• _Problem description_
Output exactly the lines that run from the start of the records to the line with "Media coverage of", counting both ends, and skip the pictures.

• _Supplied data_
——

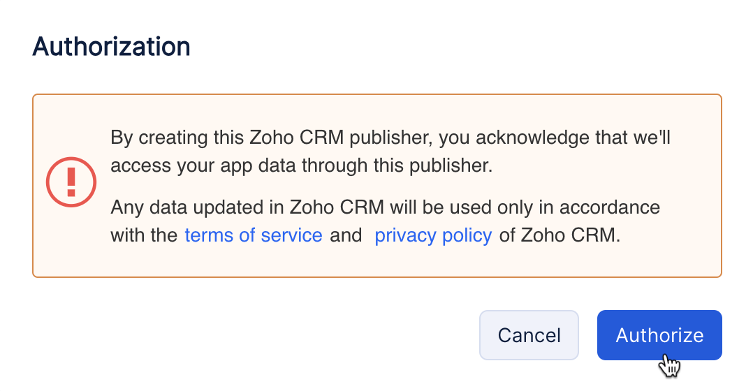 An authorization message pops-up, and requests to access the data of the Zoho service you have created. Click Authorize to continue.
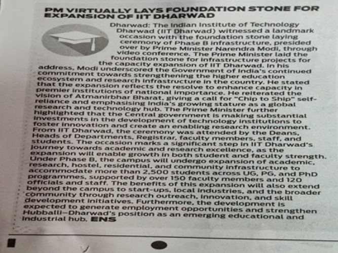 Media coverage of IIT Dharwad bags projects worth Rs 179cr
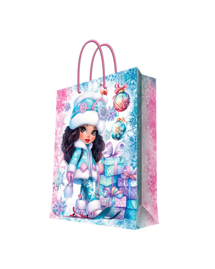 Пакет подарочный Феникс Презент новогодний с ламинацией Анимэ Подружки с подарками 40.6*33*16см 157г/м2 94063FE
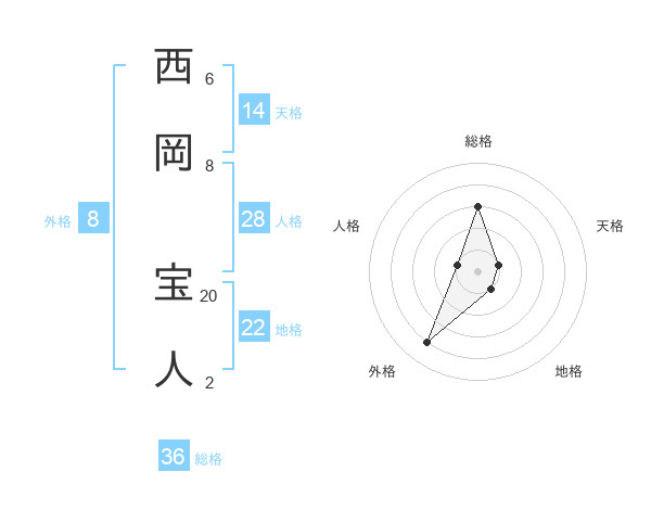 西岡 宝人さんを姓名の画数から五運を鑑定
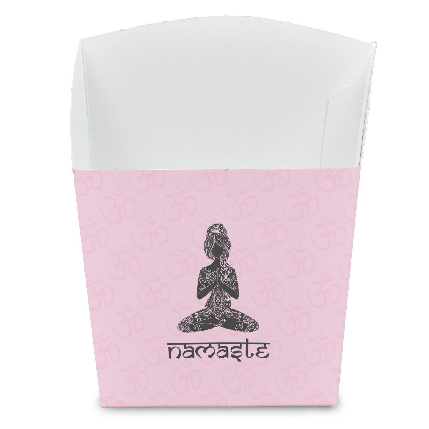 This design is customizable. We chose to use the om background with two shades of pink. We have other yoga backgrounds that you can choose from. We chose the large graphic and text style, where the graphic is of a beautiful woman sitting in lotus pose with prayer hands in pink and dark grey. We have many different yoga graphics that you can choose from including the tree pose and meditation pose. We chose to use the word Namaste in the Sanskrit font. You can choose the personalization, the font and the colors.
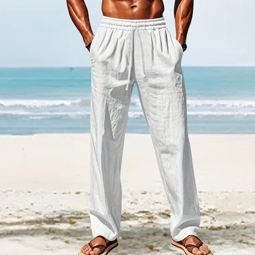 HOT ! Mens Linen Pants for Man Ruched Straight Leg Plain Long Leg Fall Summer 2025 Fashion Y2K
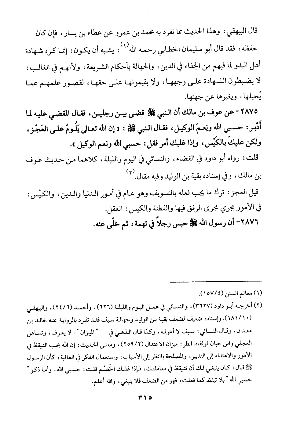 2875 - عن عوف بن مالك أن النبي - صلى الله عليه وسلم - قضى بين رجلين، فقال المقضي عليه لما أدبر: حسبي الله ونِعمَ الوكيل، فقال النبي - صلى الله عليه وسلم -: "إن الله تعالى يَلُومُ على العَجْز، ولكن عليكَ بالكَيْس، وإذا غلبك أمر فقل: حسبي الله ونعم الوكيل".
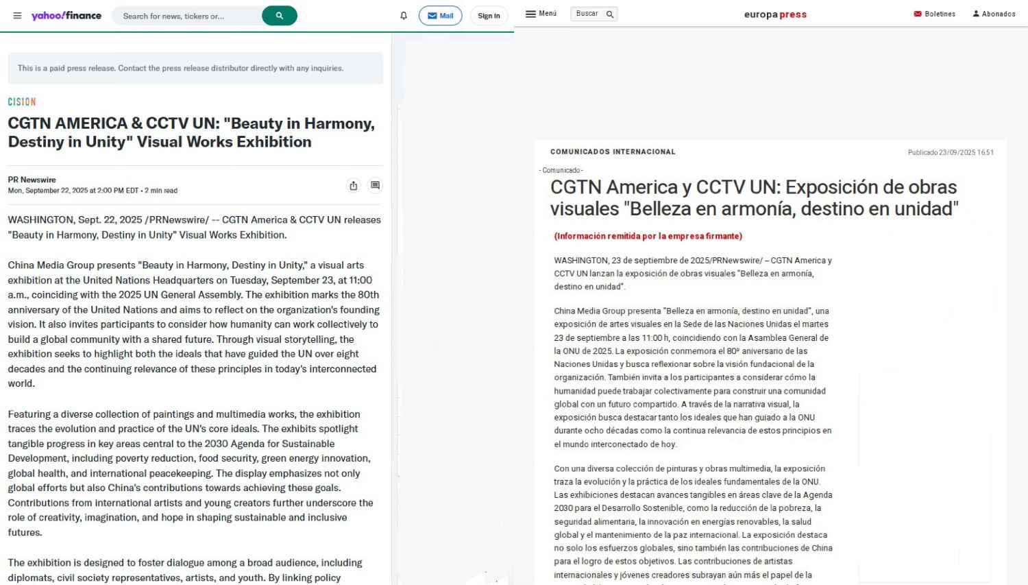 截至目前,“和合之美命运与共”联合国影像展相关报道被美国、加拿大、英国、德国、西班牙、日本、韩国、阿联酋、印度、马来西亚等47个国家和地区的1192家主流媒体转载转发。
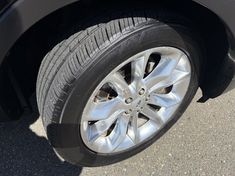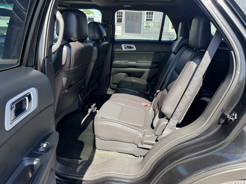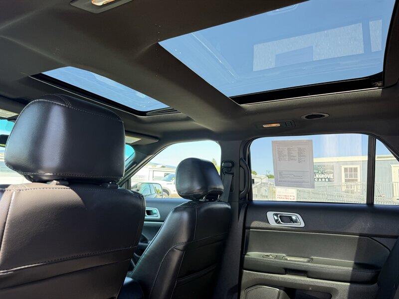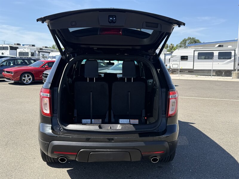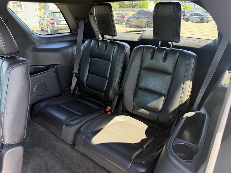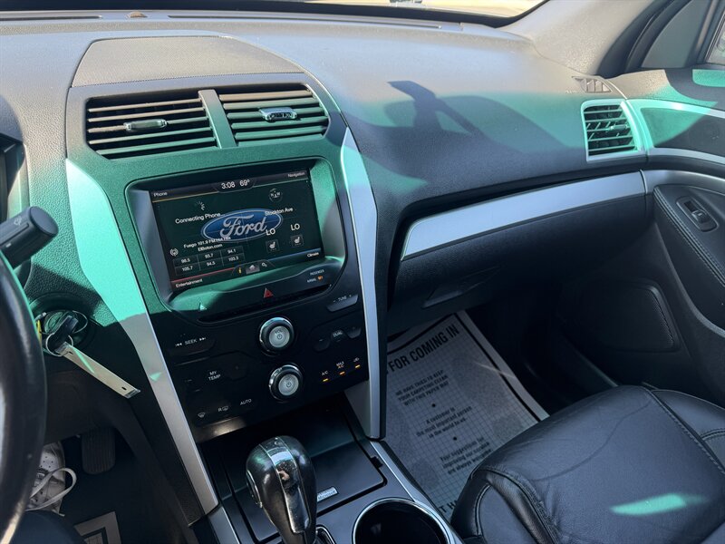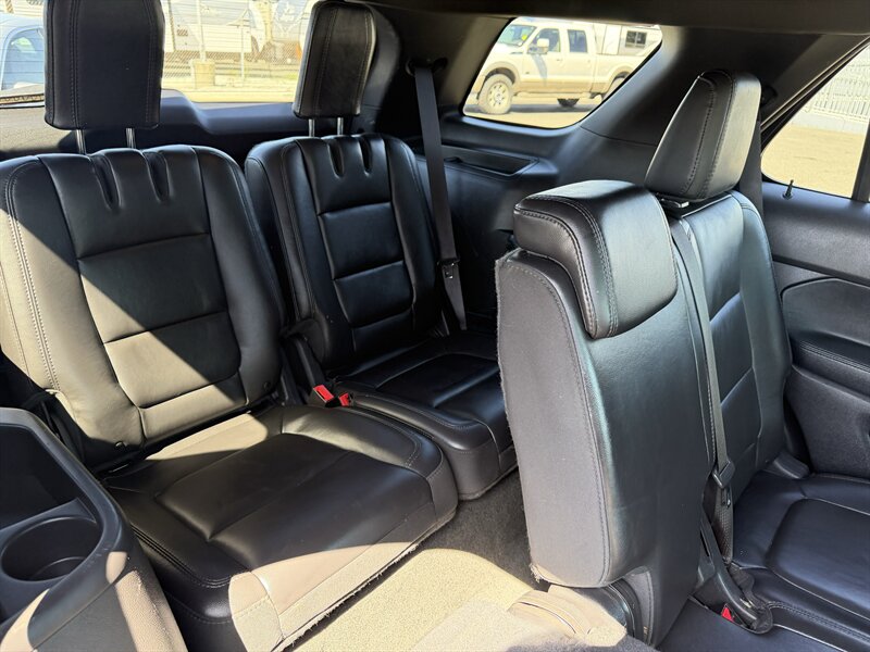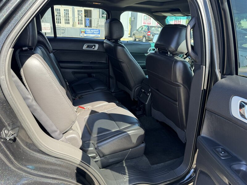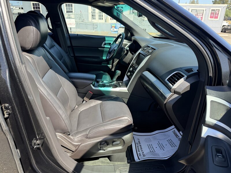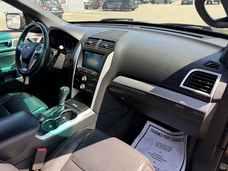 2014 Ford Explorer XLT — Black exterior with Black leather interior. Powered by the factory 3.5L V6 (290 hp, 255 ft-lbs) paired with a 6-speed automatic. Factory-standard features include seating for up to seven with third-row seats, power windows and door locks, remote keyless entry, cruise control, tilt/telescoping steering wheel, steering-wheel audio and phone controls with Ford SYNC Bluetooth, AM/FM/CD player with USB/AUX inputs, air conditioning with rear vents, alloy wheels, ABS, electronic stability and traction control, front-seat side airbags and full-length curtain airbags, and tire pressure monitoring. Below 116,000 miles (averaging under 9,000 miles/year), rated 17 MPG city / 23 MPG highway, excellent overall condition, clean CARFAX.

——

• _Solution_
 An authorization message pops-up, and requests to access the data of the Zoho service you have created. Click Authorize to continue.
 Media coverage of IIT Dharwad bags projects worth Rs 179cr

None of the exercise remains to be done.